Debtor financing can be broadly classified into the following categories:

Confidential: In this case, the business finances are not reported to your customers. They do not know about the deal that is going on between the lending company and your business and only make their outstanding payments to your company. Revealed: in this case, a notification is sent to your client clarifying that he has lent the debtors book and his clients make their pending payments to the financial company.

different terms

The typical timeline is 90 days. In addition, financial companies do not usually accept invoices that are more than 90 days old. If the customer doesn’t pay within 90 days, the financier typically appeals that bill, meaning the credit liability reverts to your business after 90 days. Non-recourse borrower financing is also sometimes available, in which the lender bears some of the credit risk or additional recourse periods (typically 120 days) are offered for realization of outstanding receivables.

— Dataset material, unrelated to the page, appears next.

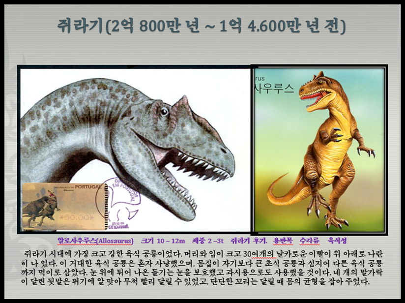 기(紀) 별 대표적인 공룡들 ....... 7. 쥐라기(Jurassic Period) 3. 쥐라기는 지질연대상 트라이아스기의 다음에 해당된다. 비록 트라이아스기에 공룡이 생겨나 2500만 년에 걸쳐 진화하기는 했지만 실제로 번성했던 것은 쥐라기에 들어서이다. 아파토사우루스 같은 거대한 용각아목 초식공룡이 육지를 배회하고 스테고사우루스처럼 골판 달린 공룡이 처음 나타났으며 알로사우루스 같은 거대한 육식공룡이 다른 공룡을 잡아먹었던 것도 이때였다. 또한 쥐라기에는 새의 조상이라고 여기는 시조새, 즉 아르카에옵테릭스(Archaeopteryx)가 날아다니기도 했다. (한권으로 끝내는 공룡) 알로사우루스(Allosaurus 異特龍 ) 후기 쥐라기(1억 5600만 년 전 ~ 1억 4500만 년 전)를 대표하는 큰 ..

Although no real estate collateral is required, to use this type of financing, you may be required to provide collateral for certain specific assets and the personal guarantee of business directors, along with your debtors’ ledger.

Who can get it?

There are no specific sectors per se, but generally companies that sell goods or services to companies are more eligible and are mostly the ones that use these types of facilities. However, it is important that your business has a financially strong customer base, as debtor financing depends less on the creditworthiness of your own business and more on that of your customers. It’s also important that you have a strong, long-term relationship with your clients to be eligible for debtor financing.